# What is expected
An exact restatement of the data is required, with the images omitted.

(Information supplied Opens)

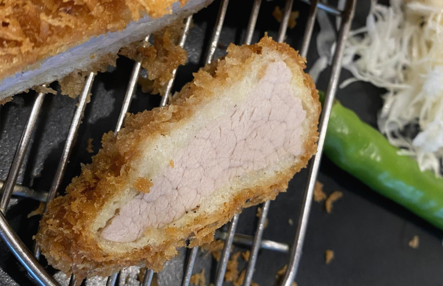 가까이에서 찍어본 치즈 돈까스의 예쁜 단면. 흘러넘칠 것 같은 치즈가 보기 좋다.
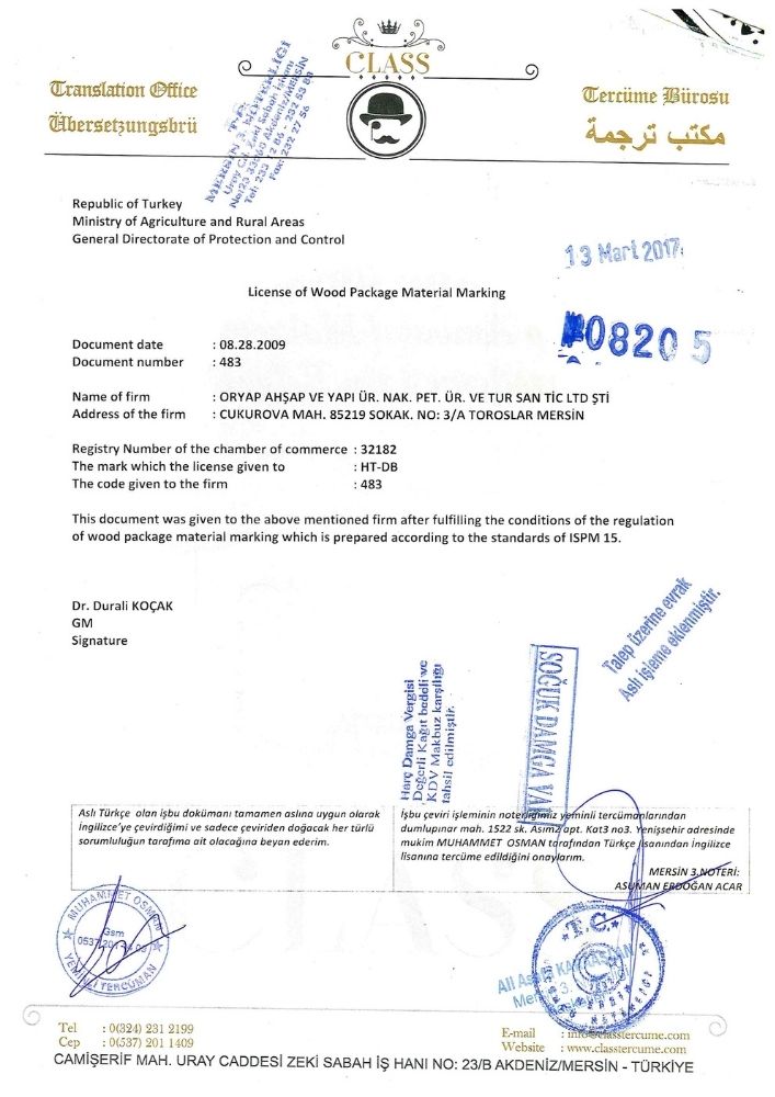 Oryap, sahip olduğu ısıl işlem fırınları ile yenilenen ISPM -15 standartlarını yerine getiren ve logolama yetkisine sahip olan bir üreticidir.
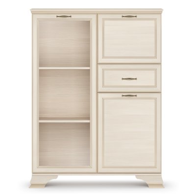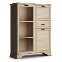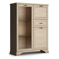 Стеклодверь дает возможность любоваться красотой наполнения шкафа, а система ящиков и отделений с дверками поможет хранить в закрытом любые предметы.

(Information supplied Closes)

# Exercise solution
 가까이에서 찍어본 치즈 돈까스의 예쁜 단면. 흘러넘칠 것 같은 치즈가 보기 좋다.
 Oryap, sahip olduğu ısıl işlem fırınları ile yenilenen ISPM -15 standartlarını yerine getiren ve logolama yetkisine sahip olan bir üreticidir.
 Стеклодверь дает возможность любоваться красотой наполнения шкафа, а система ящиков и отделений с дверками поможет хранить в закрытом любые предметы.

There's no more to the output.